◆ RECORD SET:
+ + +
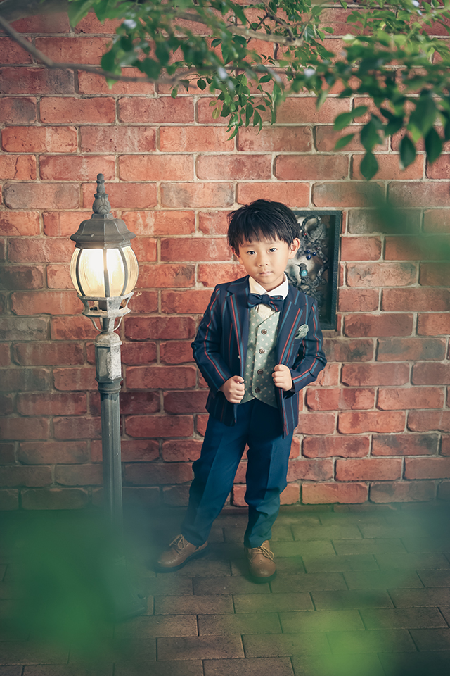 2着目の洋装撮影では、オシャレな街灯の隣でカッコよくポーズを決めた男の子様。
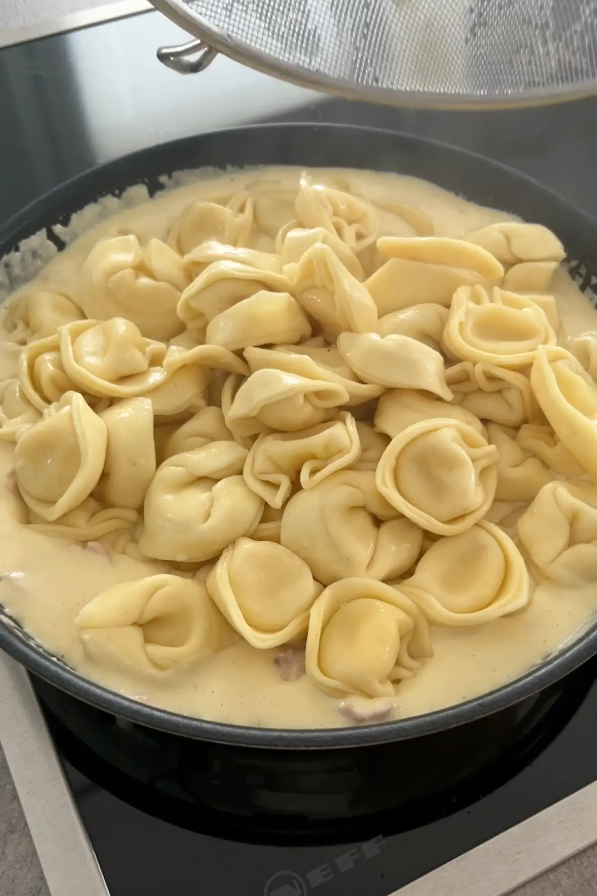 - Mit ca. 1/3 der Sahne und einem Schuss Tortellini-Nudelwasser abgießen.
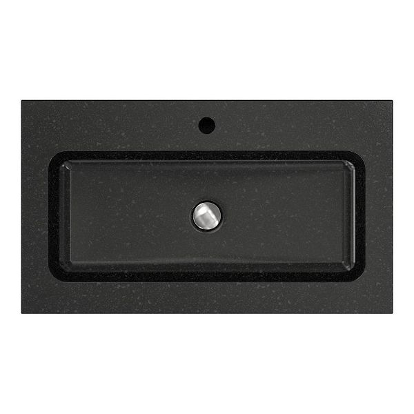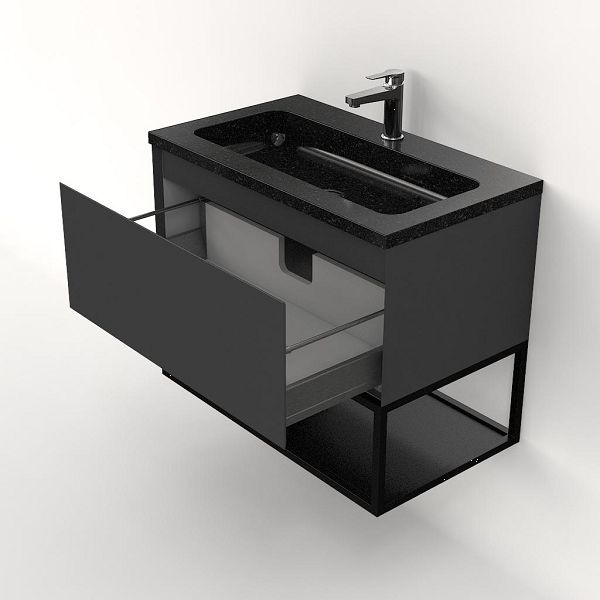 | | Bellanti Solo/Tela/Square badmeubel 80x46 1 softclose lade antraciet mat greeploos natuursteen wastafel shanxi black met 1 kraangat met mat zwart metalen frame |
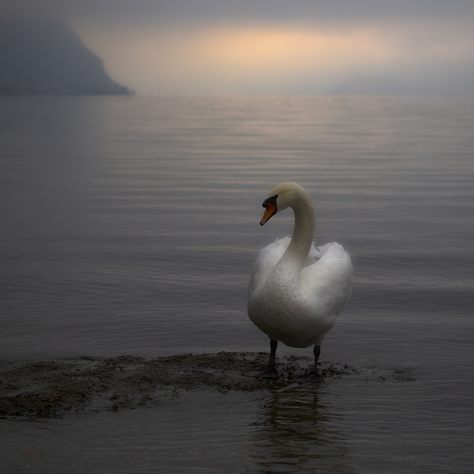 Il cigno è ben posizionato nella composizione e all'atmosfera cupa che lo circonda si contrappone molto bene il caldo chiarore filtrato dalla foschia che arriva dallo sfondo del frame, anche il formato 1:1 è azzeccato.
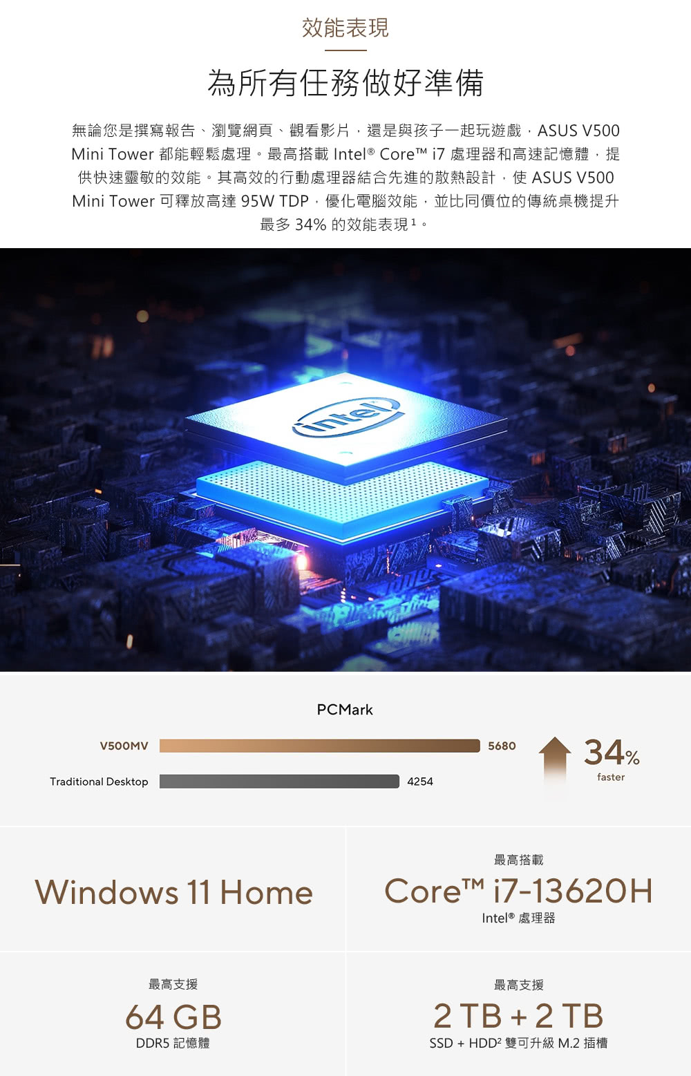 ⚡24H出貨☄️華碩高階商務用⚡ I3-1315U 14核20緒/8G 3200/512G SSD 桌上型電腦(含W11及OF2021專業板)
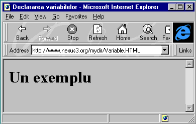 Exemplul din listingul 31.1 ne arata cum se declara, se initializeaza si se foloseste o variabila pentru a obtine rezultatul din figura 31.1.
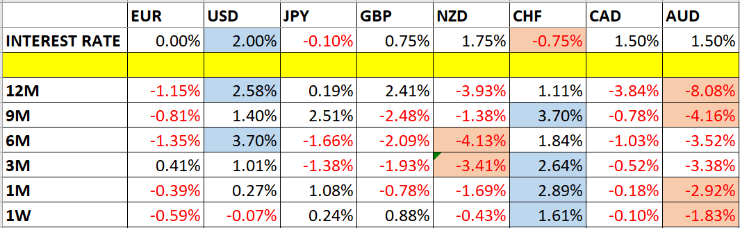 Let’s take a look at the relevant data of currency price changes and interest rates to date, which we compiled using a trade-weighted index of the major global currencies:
+ + +
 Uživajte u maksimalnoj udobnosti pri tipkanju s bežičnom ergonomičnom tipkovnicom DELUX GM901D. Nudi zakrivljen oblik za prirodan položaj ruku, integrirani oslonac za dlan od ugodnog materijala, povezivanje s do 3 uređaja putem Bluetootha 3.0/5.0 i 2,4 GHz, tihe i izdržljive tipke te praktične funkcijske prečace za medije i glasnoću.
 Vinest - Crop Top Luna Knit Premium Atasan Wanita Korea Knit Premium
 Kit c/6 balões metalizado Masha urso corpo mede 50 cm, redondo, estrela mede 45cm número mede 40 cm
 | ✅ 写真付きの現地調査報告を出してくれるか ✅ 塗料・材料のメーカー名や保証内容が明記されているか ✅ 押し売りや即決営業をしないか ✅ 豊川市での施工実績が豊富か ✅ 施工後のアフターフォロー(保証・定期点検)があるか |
+ + +
◆ TASK STATEMENT: How would the lines above read from the one with "Il cigno è ben" to the one with "Let’s take a", inclusive, with no pictures? Write them out exactly.

◆ RESULT OF THE TASK:
 Il cigno è ben posizionato nella composizione e all'atmosfera cupa che lo circonda si contrappone molto bene il caldo chiarore filtrato dalla foschia che arriva dallo sfondo del frame, anche il formato 1:1 è azzeccato.
 ⚡24H出貨☄️華碩高階商務用⚡ I3-1315U 14核20緒/8G 3200/512G SSD 桌上型電腦(含W11及OF2021專業板)
 Exemplul din listingul 31.1 ne arata cum se declara, se initializeaza si se foloseste o variabila pentru a obtine rezultatul din figura 31.1.
 Let’s take a look at the relevant data of currency price changes and interest rates to date, which we compiled using a trade-weighted index of the major global currencies:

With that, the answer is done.